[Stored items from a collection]
★ ★ ★ ★ ★
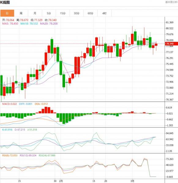 上方短期关注79.0-79.5一线阻力
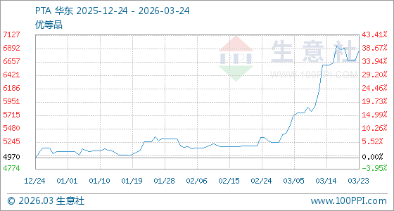 3月24日,生意社PTA基准价为6855.64元/吨,与本月初(5237.90元/吨)相比,上涨了30.89%。
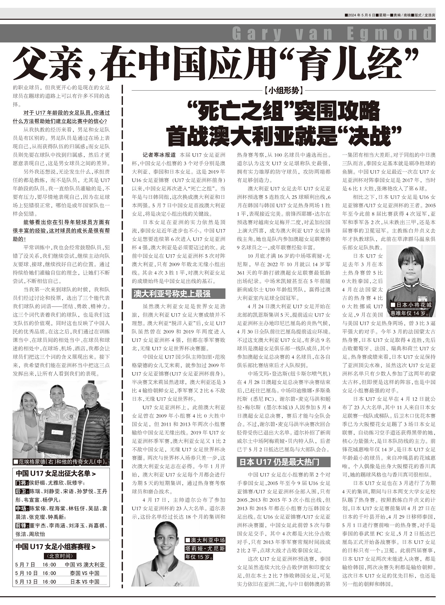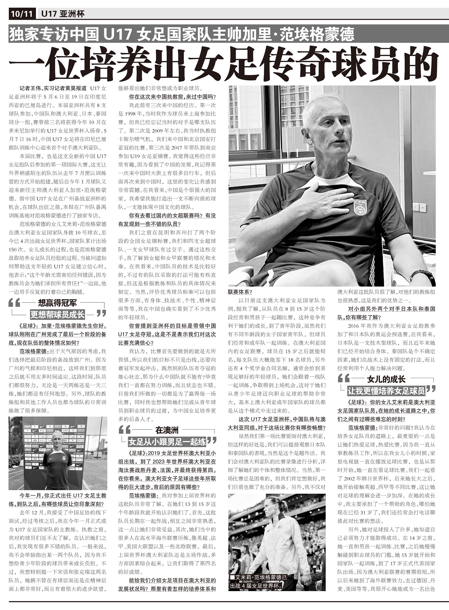 独家专访中国U17女足国家队主帅加里·范埃格蒙德 一位培养出女足传奇球员的父亲,在中国应用“育儿经”
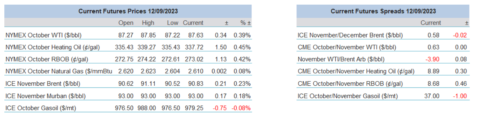 Oil steps into the morning firm but with an air of uncertainty as it faces a few days and news cycles that will have a great influence on its current destiny. Today will see the monthly oil reports from both the Energy Information Administration (EIA) and OPEC, tomorrow a release of the US CPI data and US inventory report and Thursday, the European Central Bank’s interest rate decision. There is little doubt that the oil industry feels a collective rally risk with a perception of, and actual tightening in parts of oil flow. Even the seemingly and seasonally unfancied RBOB Gasoline futures price has improved so much that it has, from a technical point of view, filled a higher gap left from last month’s expiry. WTI and Brent both made new 2023 yearly highs yesterday and the distillate contracts, Heating Oil and Gasoil remain the main drivers with refinery turnarounds foremost in market thinking. Maintenance at refineries in Russia has reduced fuel exports and even though this is not relevant to followers of sanction rules, refined fuel reduction from any source to any destination will make for a world bargaining over less product availability.
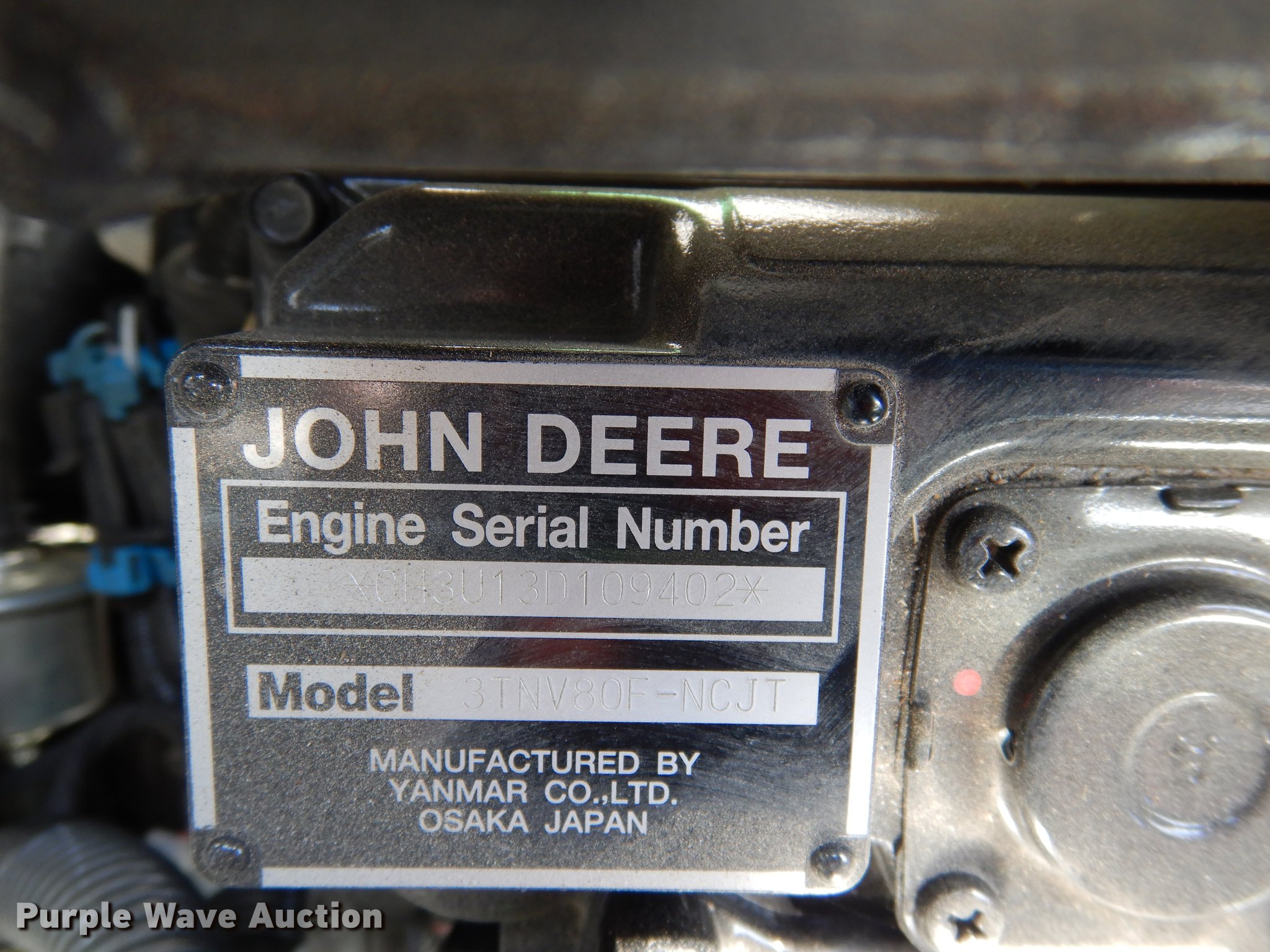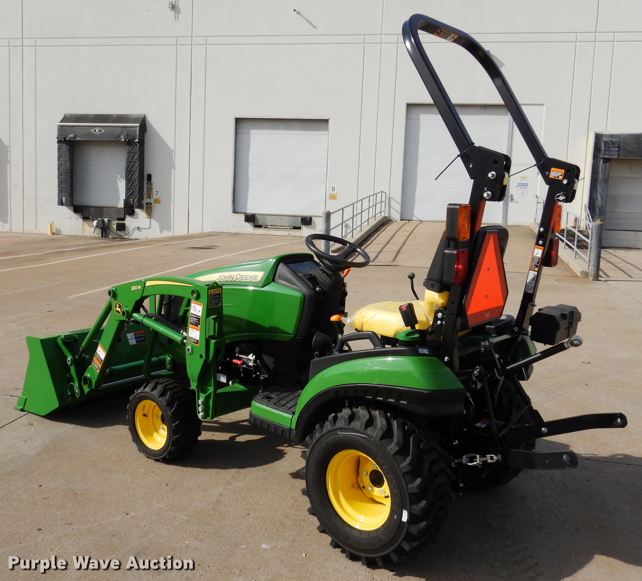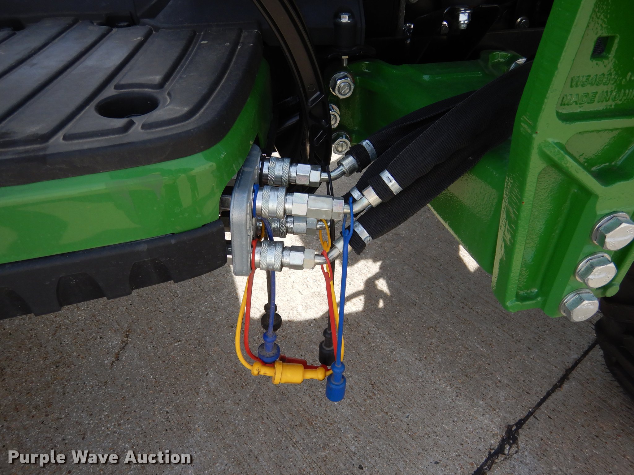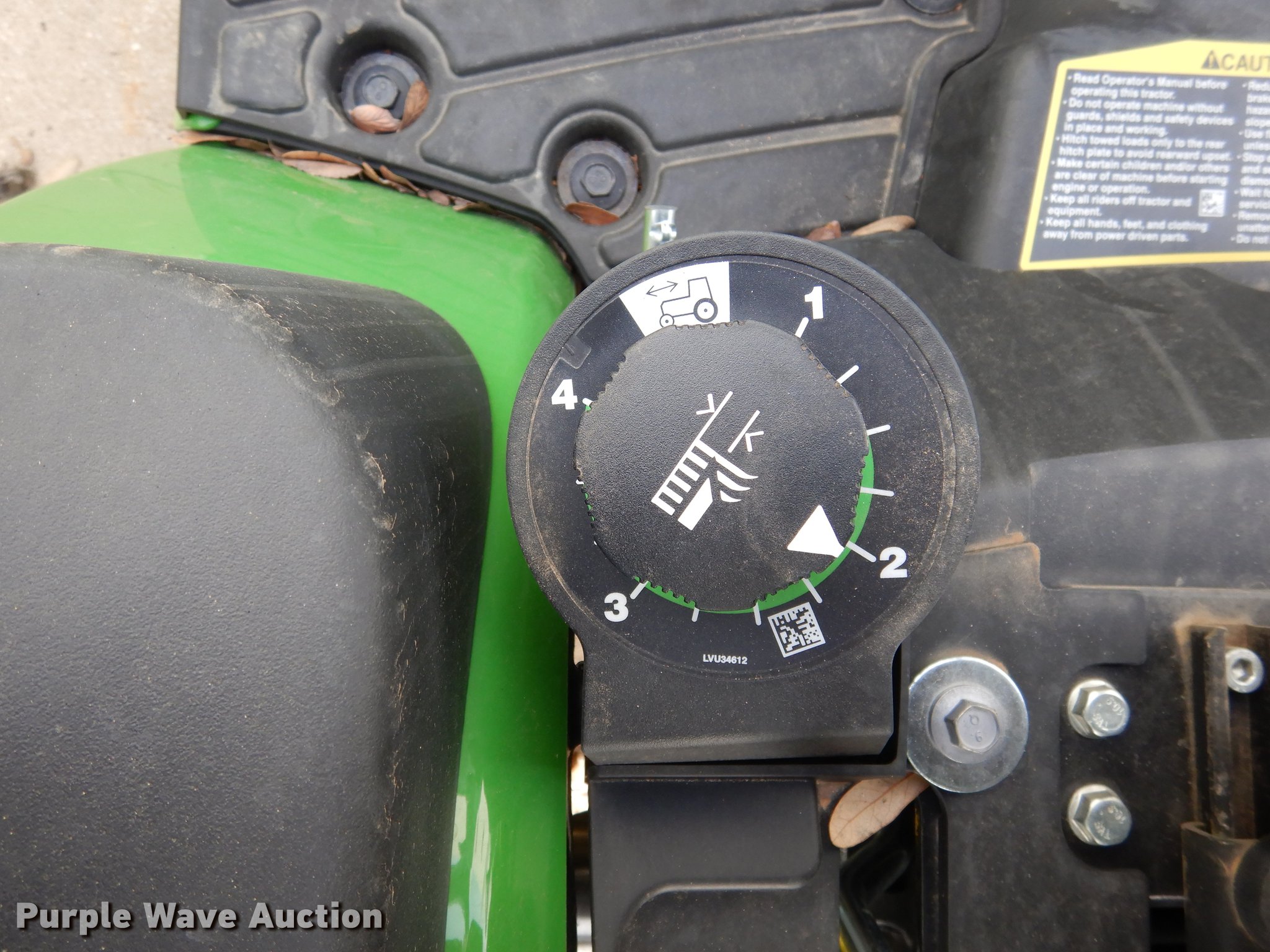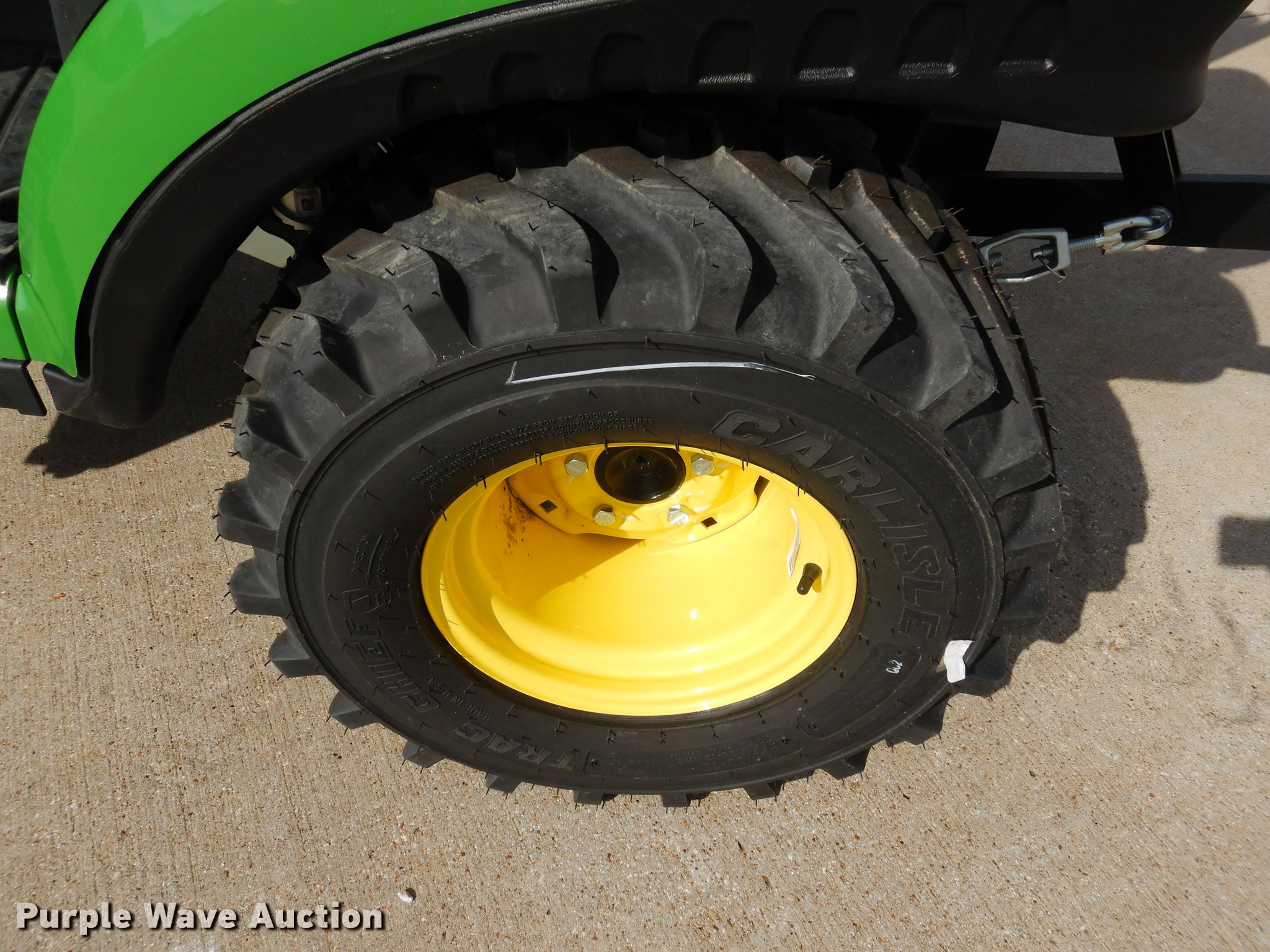 Purple Wave is selling a used Tractor in Texas. This item is a John Deere 1025R MFWD tractor with the following: 1 hours on meter, Yanmar 3TNV80F-NCJT 1.26L three cylinder diesel engine, 23.8 HP, Serial CH3U13D109402, Hydrostatic transmission, Differential lock, Folding ROPS, Tilt steering wheel, Suspension seat, Toolbox, John Deere 120R loader, 53"W bucket, Joystick controls, Three point, 540 PTO, 57" wheelbase, 18x8.50-10 front tires, 26x12-12 rear tires, Serial 1LV1025RREJJ154634
★ ★ ★ ★ ★
■ Work required: If any image appears in the entries, omit it and return the rest verbatim.

■ Output for this exercise:
 上方短期关注79.0-79.5一线阻力
 3月24日,生意社PTA基准价为6855.64元/吨,与本月初(5237.90元/吨)相比,上涨了30.89%。
 独家专访中国U17女足国家队主帅加里·范埃格蒙德 一位培养出女足传奇球员的父亲,在中国应用“育儿经”
 Oil steps into the morning firm but with an air of uncertainty as it faces a few days and news cycles that will have a great influence on its current destiny. Today will see the monthly oil reports from both the Energy Information Administration (EIA) and OPEC, tomorrow a release of the US CPI data and US inventory report and Thursday, the European Central Bank’s interest rate decision. There is little doubt that the oil industry feels a collective rally risk with a perception of, and actual tightening in parts of oil flow. Even the seemingly and seasonally unfancied RBOB Gasoline futures price has improved so much that it has, from a technical point of view, filled a higher gap left from last month’s expiry. WTI and Brent both made new 2023 yearly highs yesterday and the distillate contracts, Heating Oil and Gasoil remain the main drivers with refinery turnarounds foremost in market thinking. Maintenance at refineries in Russia has reduced fuel exports and even though this is not relevant to followers of sanction rules, refined fuel reduction from any source to any destination will make for a world bargaining over less product availability.
 Purple Wave is selling a used Tractor in Texas. This item is a John Deere 1025R MFWD tractor with the following: 1 hours on meter, Yanmar 3TNV80F-NCJT 1.26L three cylinder diesel engine, 23.8 HP, Serial CH3U13D109402, Hydrostatic transmission, Differential lock, Folding ROPS, Tilt steering wheel, Suspension seat, Toolbox, John Deere 120R loader, 53"W bucket, Joystick controls, Three point, 540 PTO, 57" wheelbase, 18x8.50-10 front tires, 26x12-12 rear tires, Serial 1LV1025RREJJ154634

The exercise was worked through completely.